## PROBLEM DESCRIPTION
Extract the lines up to and including the one that contains "9月23日,临桂区20160", starting with the first line of the entries below, and omit the pictures.

## INFORMATION SHOWN
::::

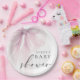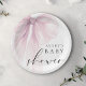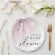Complete your sophisticated party theme with these elegant, personalized baby shower paper plates. The design features the collection's signature, ethereal watercolor bow in a pale pink hue, set against a white background. Easily customize the text with the mother's name, making it a perfect complement to your baby girl shower decor. These plates are an essential detail for a beautiful, cohesive table setting.
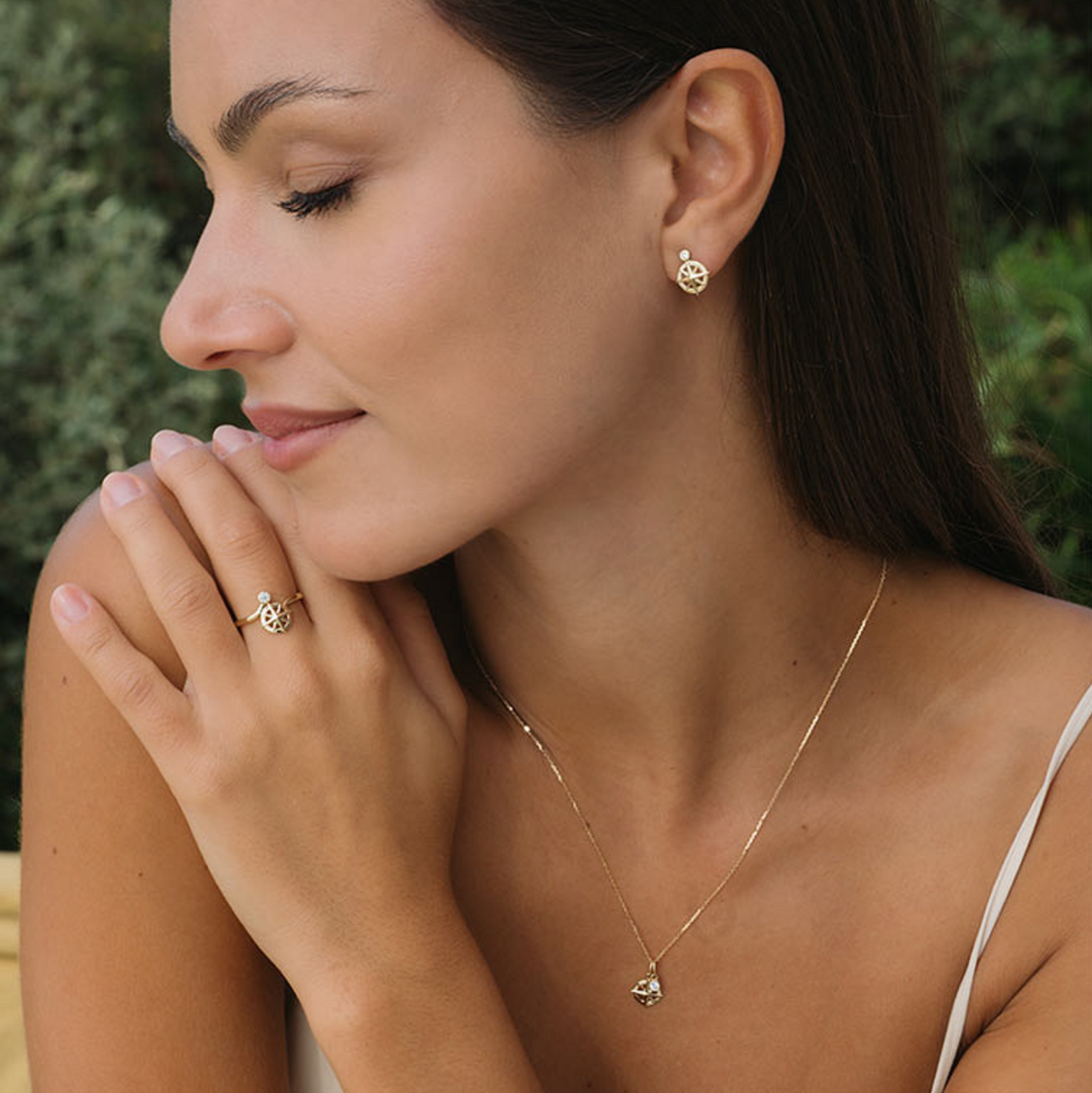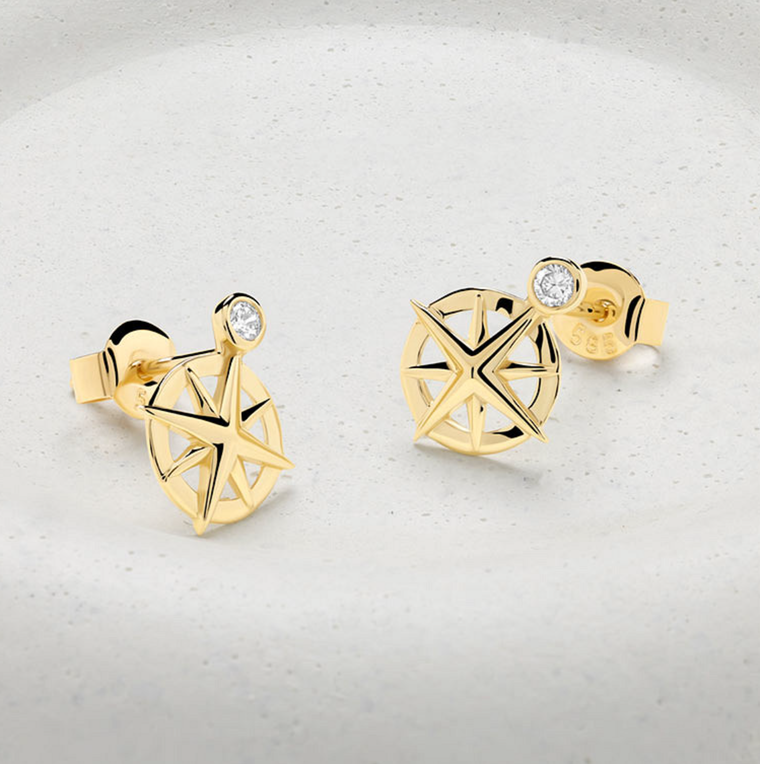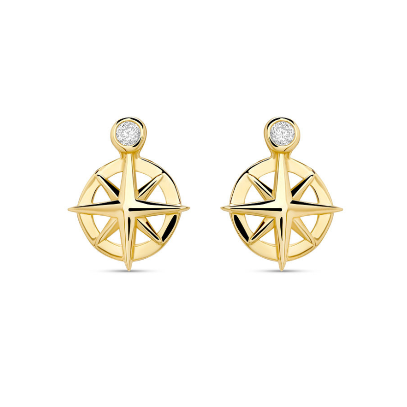Crafted in luminous 14kt gold, these mini ship's wheel earrings feature a radiant bezel-set lab-grown diamond above each charm, echoing the guarding light of the sea. The openwork design gives a refined nautical look with a lightweight, elegant feel.
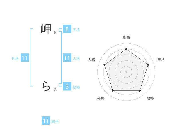 岬 らさんの総格は11画の4点!
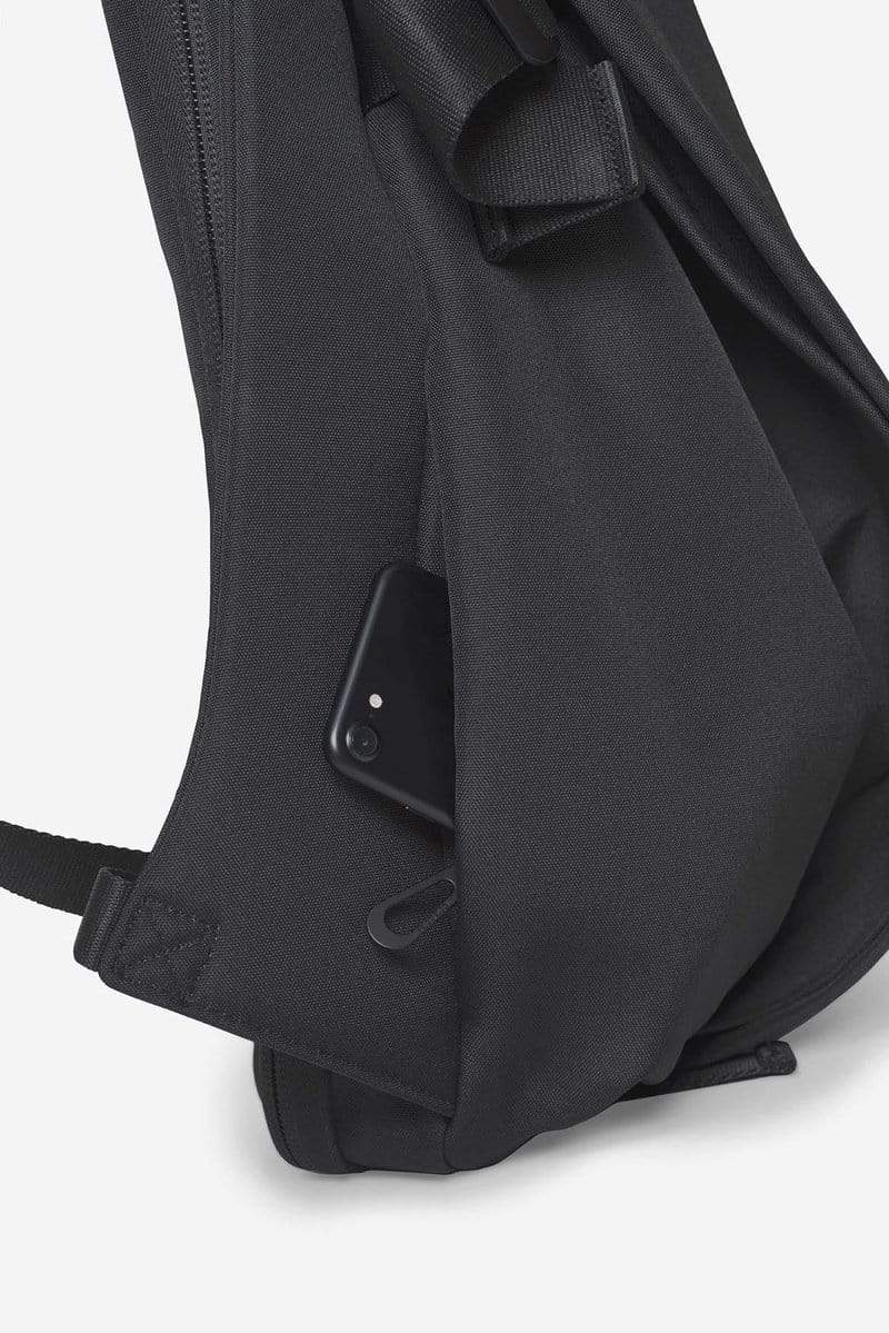 収納はメインコンパートメント、ラップトップ、シークレットポケットと大きく分けて3つあり、縦ジッパーが印象的なメインコンパートメントは2つのナイロンベルトの締め具合によって容量を可変できます。
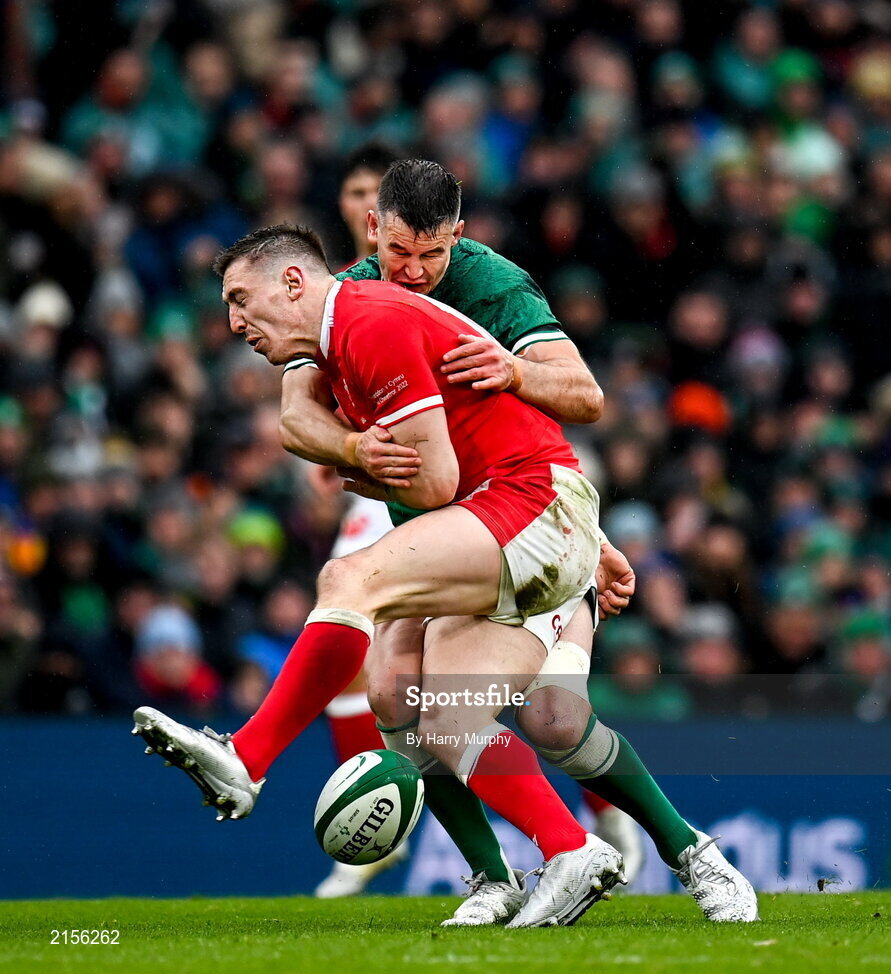 5 February 2022; Josh Adams of Wales tackles Jonathan Sexton of Ireland, resulting in a yellow card, during the Guinness Six Nations Rugby Championship match between Ireland and Wales at the Aviva Stadium in Dublin. Photo by Harry Murphy/Sportsfile
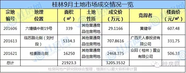 9月23日,临桂区201606、201613和201621三宗居住用地成功出让,总出让面积21923.3平米,成交价合计3205.3532万元。
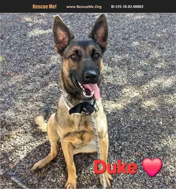 Please help me live! Mcacc Shelter has given me a deadline due to kennel stress. I have done nothing wrong so I hope you come and meet me before my deadline! LOCATED: 2500 S 27th Ave Phoenix Az Fill out: https://www.thedogsavers.org/apply-to-adopt/ Call: 480-331-4188 DUKE #A5150751 1yr old, 68lb Neutered-Male, Brown/Black Belgian Malinois. Found as a stray. * Wiggly, happy, loves people * Lots of puppy and Malinois energy * Loves to explore, do zoomies, and takes treats nicely * Playful, loves squeaky toys, enjoys all the sounds of people and toys- aware of things going on around him * Super friendly, social, loving pup * Smart boy- comes, sit, wants to learn more, runs on treadmill * Considered dog friendly w/proper slow introductions * Stressed in kennel- only gets out every 5 days but otherwise still happy
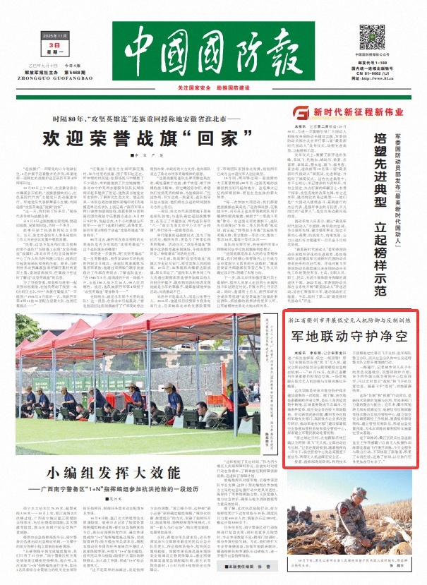 中国国防报讯 李东明、记者宋芳龙报道:“报告指挥部,低空一级预警!禁飞区东侧低空出现‘黑飞’无人机,建议立即启动低空安全联管联控应急响应机制……”10月16日,在浙江省衢州市某重要目标周边空域,一场军地联合低空无人机防御与反制训练拉开帷幕。
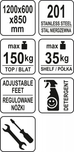 Stół centralny skręcany z półką marki YATO o wymiarach 1200(sz)x600(gł)x850(wys).
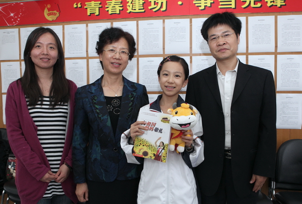 9月30日下午3:00,在团省委5楼大会议室,青年时报社为我校初一(5)班吴宛谕同学的新书《向祖国妈妈敬礼》举行首发式。吴宛谕同学表达了她对多年来一直关心和帮助她的长辈和老师的感谢。我校党总支书记徐青青老师,吴宛谕同学的班主任劳佳瑜老师出席了会议,并接受了记者的采访。
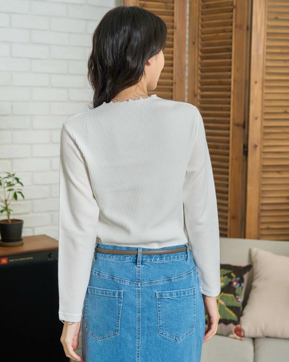正面にリブ素材を使用、後身頃と袖には程よい厚みのダンボール素材を使用したカットソー。リブ素材のカットソーですが体のラインが強調されるのを防ぎつつ、コーディネートを楽しめるアイテムにしています。襟は女性らしいボトルネックのメロー仕上げで、繊細なニュアンスをプラス。デイリーからオフィススタイルまで幅広く活躍します。 モデル身長: 166 cm 着用サイズ: M サイズ Golden Bear WOMEN カットソー (WOMEN) 同デザイン大きい(3L,4Lサイズ)はこちら 【着用アイテム】467RC712 デニムAラインスカート 468RC751 デニムスカート

::::

## EXERCISE OUTPUT
Complete your sophisticated party theme with these elegant, personalized baby shower paper plates. The design features the collection's signature, ethereal watercolor bow in a pale pink hue, set against a white background. Easily customize the text with the mother's name, making it a perfect complement to your baby girl shower decor. These plates are an essential detail for a beautiful, cohesive table setting.
Crafted in luminous 14kt gold, these mini ship's wheel earrings feature a radiant bezel-set lab-grown diamond above each charm, echoing the guarding light of the sea. The openwork design gives a refined nautical look with a lightweight, elegant feel.
 岬 らさんの総格は11画の4点!
 収納はメインコンパートメント、ラップトップ、シークレットポケットと大きく分けて3つあり、縦ジッパーが印象的なメインコンパートメントは2つのナイロンベルトの締め具合によって容量を可変できます。
 5 February 2022; Josh Adams of Wales tackles Jonathan Sexton of Ireland, resulting in a yellow card, during the Guinness Six Nations Rugby Championship match between Ireland and Wales at the Aviva Stadium in Dublin. Photo by Harry Murphy/Sportsfile
 9月23日,临桂区201606、201613和201621三宗居住用地成功出让,总出让面积21923.3平米,成交价合计3205.3532万元。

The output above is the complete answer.